Losh's singalong success in Fort Worth and at army camps led to larger events, some with attendance as high as 8,000, as well as singing engagements in at Texas Christian University, chambers of commerce, movie theaters, club meetings, and local department stores. In 1921, he became the director of the Trinity Episcopal Church choir; in 1922 he began a long-running series of performances broadcast nationally on Fort Worth's WBAP radio. His leadership of the Fort Worth Municipal Opera was widely praised, although short-lived as local productions ceased in 1929 due to the Great Depression.

=== Personal life ===
Losh's father died in Pennsylvania between 1900 and 1910, and his mother moved to Fort Worth in order to be near her family. She died in Fort Worth in 1914. Losh's brother, Seibert Losh, was a noted builder of pipe organs who lived in Hershey, Pennsylvania, known for building the pipe organs for the New York Hippodrome, the chapel at West Point, and the Philadelphia Opera House. A sister, Katharyn Losh, also lived in Fort Worth.

Samuel S. Losh married fellow music teacher Ada May Hogan in October 1923, surprising friends and family unaware of a courtship. The wedding, held at Broadway Presbyterian Church, included a performance of Losh's composition, "O Perfect Love," and a wedding march played by William J. Marsh, composer of the state song of Texas. The couple lived in Fort Worth's Oakhurst neighborhood from 1937 to Losh's death in 1943, and their former home still has a stained glass window reading "Losh."
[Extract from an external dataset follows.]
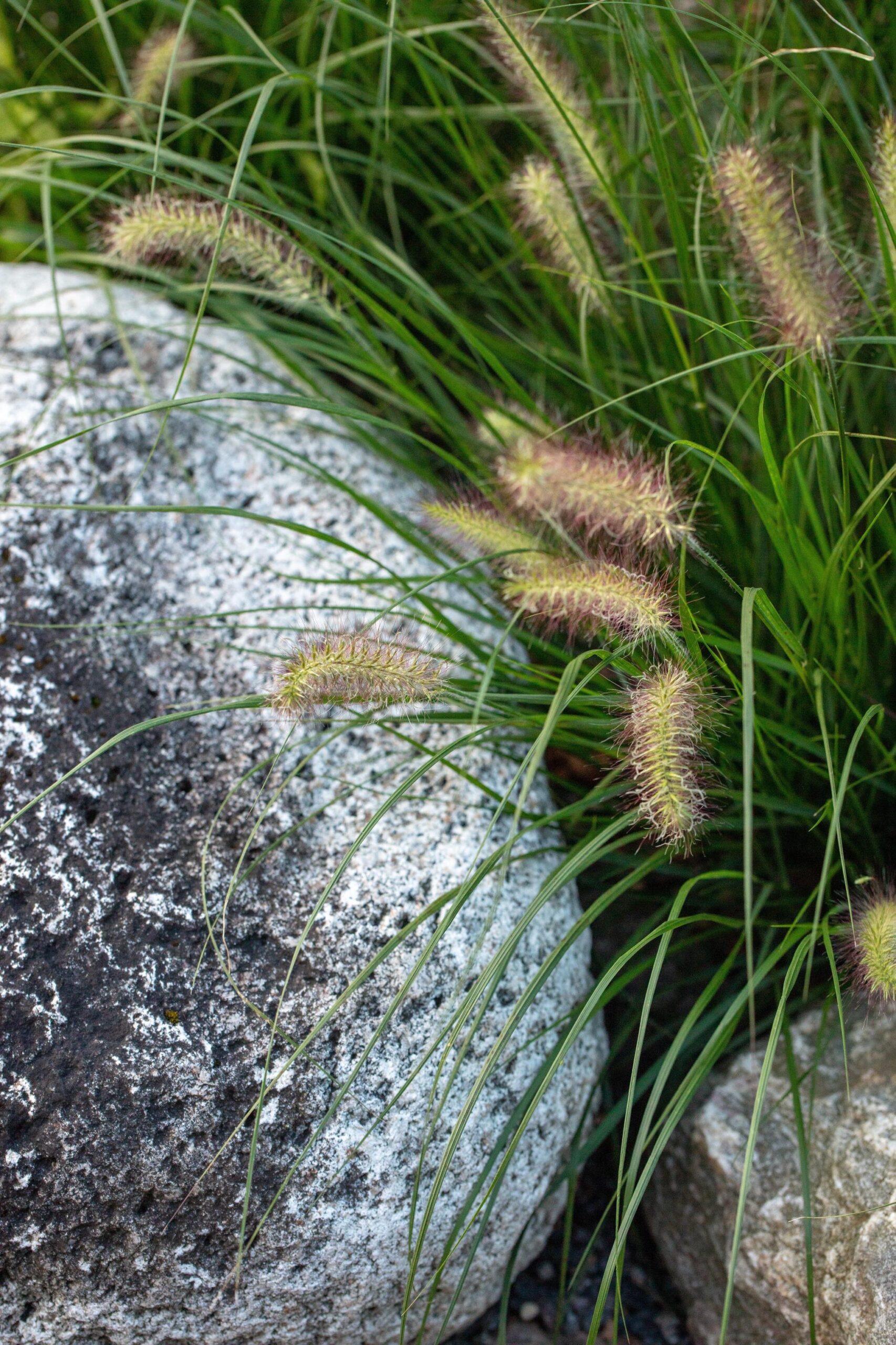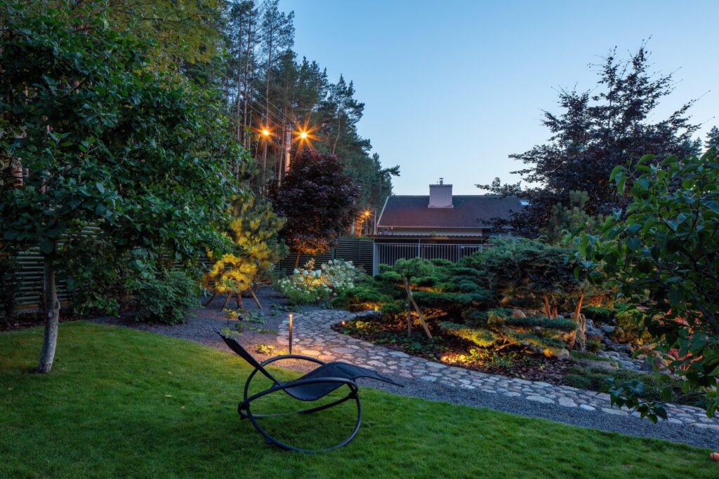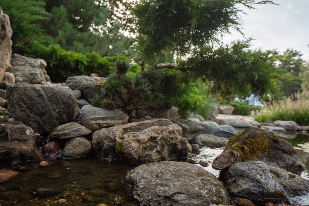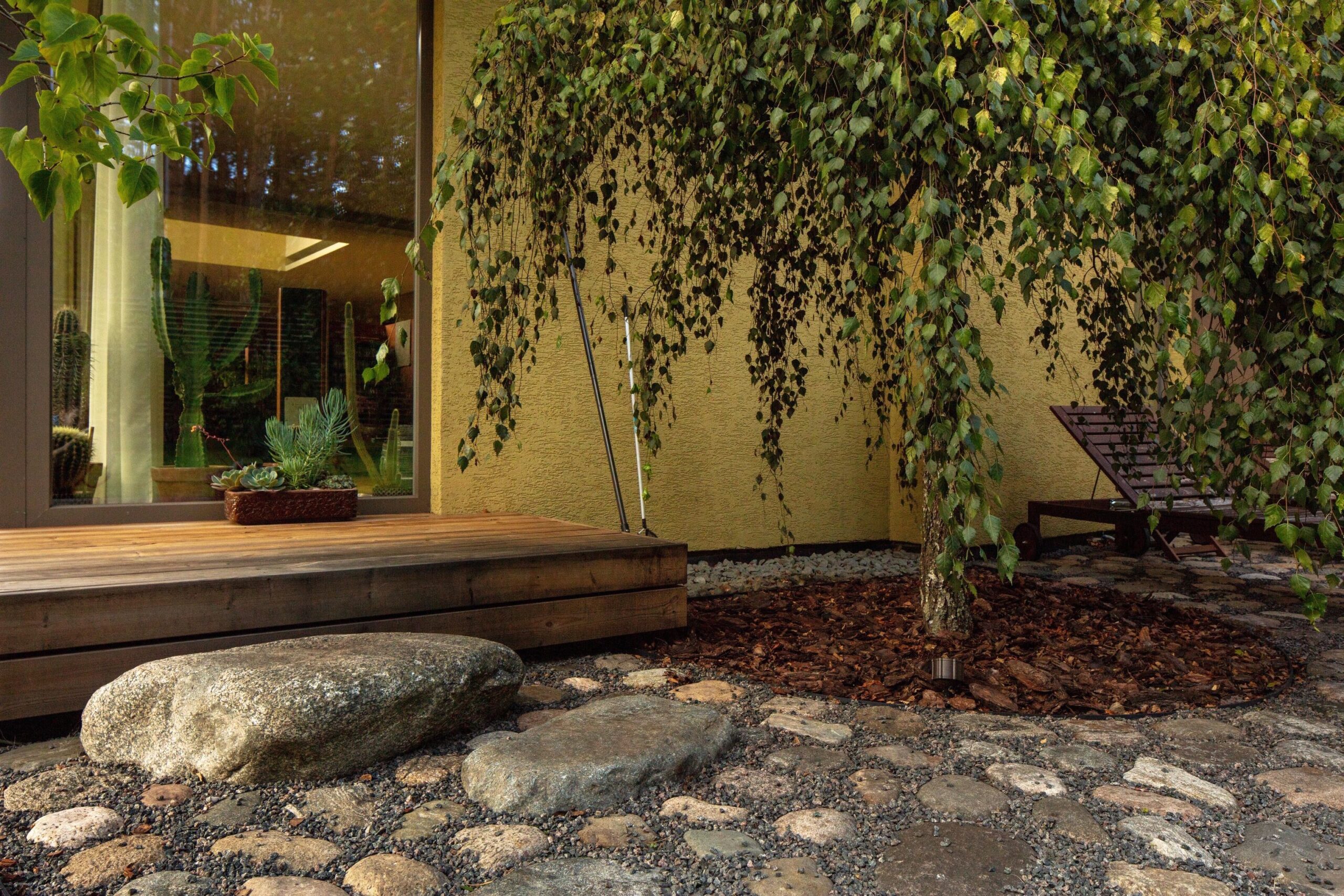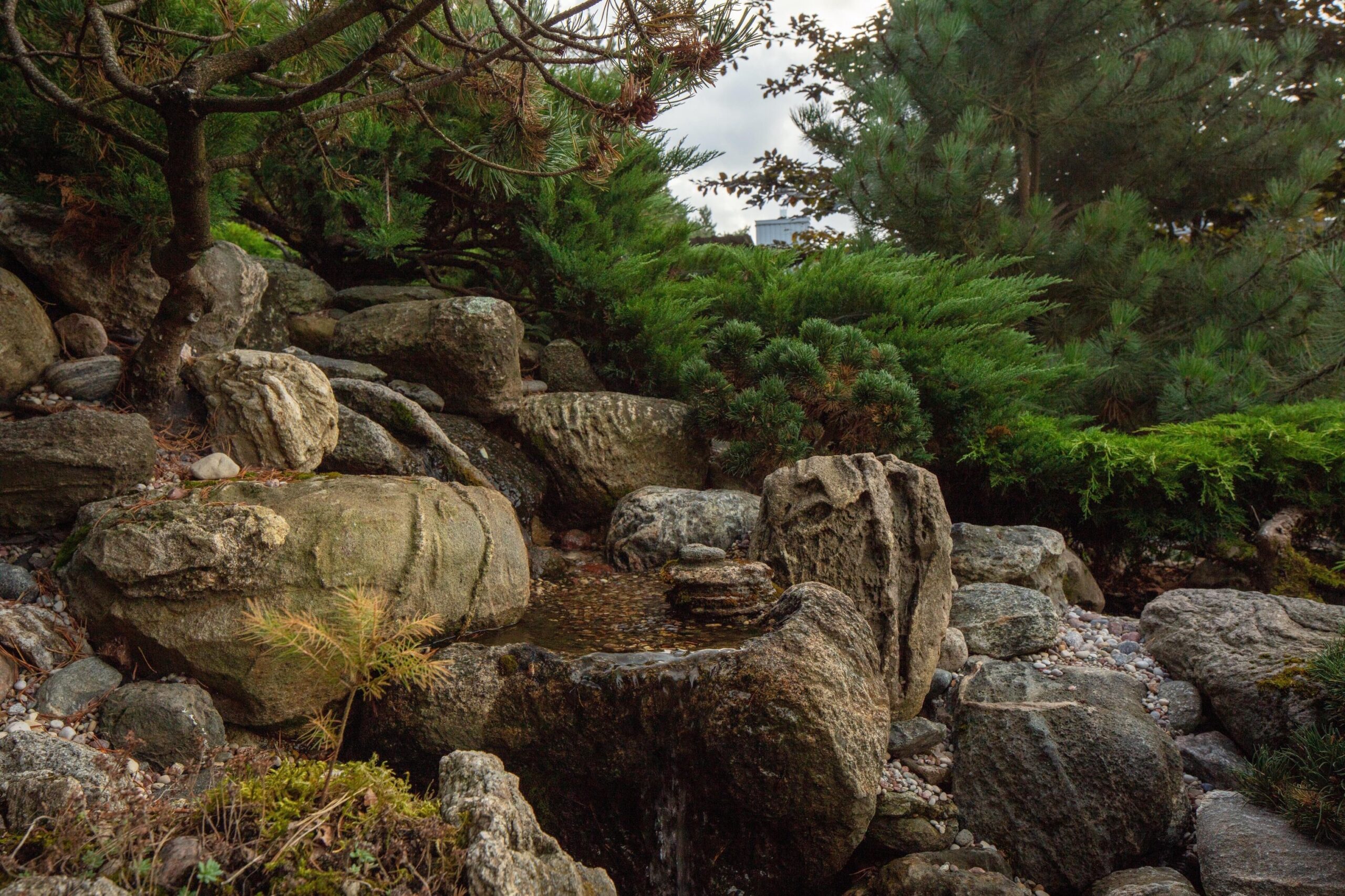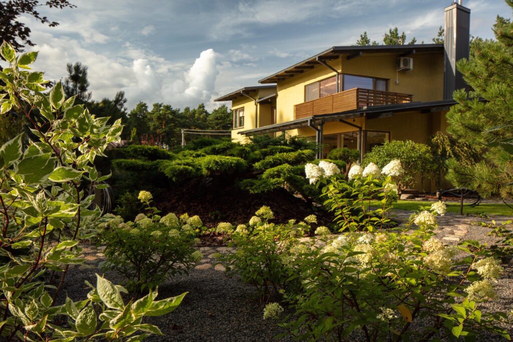 Implemented beside a stunning pine forest, this project clearly reflects our ability to create exceptional value for clients. The main task was to develop solutions that would allow the whole family to spend time safely and privately on the brighter, front-facing side of the house, which previously had been used only for representation. Plantings of black pines and Canadian hemlocks, complemented by variegated dogwoods, not only provide privacy from the street but also create a cozy space separated from the surroundings. This allowed the family to comfortably use both the fire-pit area and the lawn. Surrounded by the pine forest, the terrace with evening lighting naturally invites time outdoors. The complex site design also expanded the water feature with a spring, linking the wooden terrace and the fire pit into a unified, harmonious environment. Stone paths add playfulness while ensuring convenient movement and easier plant maintenance. A large dog enclosure blends organically into the landscape and remains visually unobtrusive. A Norway maple, which became the central horizon axis, complements the water feature and introduces a new color direction. As autumn approaches, the entire landscape gradually changes color, keeping the space dynamic and engaging. Wind-swayed ornamental grasses lend the setting a sense of fluidity, while contrasting, precisely composed stones bring naturalness, solidity, and stability.

Losh was involved in numerous civic groups and charities. He was a supporter of Fort Worth's Union Gospel Mission and served on the board of the Fort Worth Symphony Orchestra. He was a Rotarian and served as president of the Fort Worth Rotary Club for a number of years; he led members in a singalong at an international Rotary convention in Brussels. He also led the Moslah Shrine Chanters, a choir composed of Fort Worth Shriners, and served as president of the local Lions Club.

Losh was a longtime member of Hemphill Presbyterian Church. After suffering two heart attacks in rapid succession, Losh died at home on June 3, 1943 and was buried at Mount Olivet Cemetery in Fort Worth.